You can also compare the time for each operation reported by the ArcGIS Server logs and compare them to the response times reported by the client. If there are large gaps or inconsistent response times between the two, this could indicate a communication issue between the client and server. The graphics below show you what timings are captured by different logs.

Measuring client response time includes the total time spent completing the request at the application, server, and data tier of the architecture. This is often not useful for identifying the underlying cause of a performance issue but remains important for a full understanding of the context and workflow needed to reproduce the issue.

RobertKrisher_5-1767286125803.png

The ArcGIS Server logs allow you to focus on the time spent in the server and data tier, while also providing the context for each request in addition to the time it took.

RobertKrisher_6-1767286134957.png

Reviewing performance at the database tier also provides useful insight into performance issues, especially when they are database-related, but lacks the context of the client or application tier.

RobertKrisher_7-1767286147358.png

Copying data to a local, mobile geodatabase and capturing logs using the Diagnostic Monitor in ArcGIS Pro is a powerful way to isolate performance issues. This is because it allows you to control the workflow and context of each operation, while also providing the ability to measure its performance with as few dependencies as possible. You can see a diagram of the scenario below.

RobertKrisher_8-1767286158601.png

Now that you understand how and why you would want to isolate performance issues when testing, we will look at how you can analyze the utility network logs for performance information.

Trace Log

The Trace Log has four important sections:

  • Environment
  • Trace Parameters
  • Steps and times
  • Network index statistics

When assessing the overall performance of a system, it is common to look at the overall time each trace took compared to the number of elements returned. The most common test scenario for capturing this is to run a subnetwork trace for each subnetwork in the utility network and then measure the time it took to run the trace versus the number of elements in each subnetwork.

RobertKrisher_0-1767286206229.png

The trace on the same subnetwork will return different performance numbers based on whether it is a user configured trace, or the trace used by the export subnetwork or update subnetwork operations.
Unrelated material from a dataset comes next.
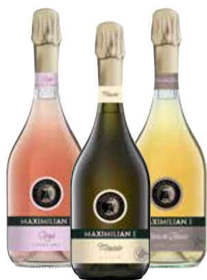
SPUMANTE MAXIMILIAN 1° vari tipi, 75 cl

When measuring the performance of traces, you should look at the performance of subnetwork traces using your standard configuration during update subnetwork. If you plan to use export subnetwork, you should also plan to measure the performance of trace during export subnetwork using your expected configuration.

When a particular subnetwork is underperforming, you can then look at the time associated with the individual steps for each subnetwork vs. the number of elements in each subnetwork.

RobertKrisher_1-1767286249418.png

When looking at the various steps associated with a trace operation, you will start to understand why certain traces take longer, and the significant impact the configuration of a trace has on overall performance.

As an example, if you use a chart like this to analyze the performance of trace after adding functions or specific result types you will be able to measure the performance cost of those specific changes with each displayed as its own operation with an associated cost.

RobertKrisher_2-1767286262984.png

Environment and Trace Parameters

The configuration section helps you understand the context of the trace. It communicates the type of trace, version, the starting points, and trace configuration, along with the result types specified for the trace. All these parameters affect the behavior of the trace. Making a change to any one of them would produce a different result and could affect performance.

Steps and times

This section of the log includes detailed information about all the operations performed during trace, and how long each took. Some steps also include information about how many features were involved in that step of the trace.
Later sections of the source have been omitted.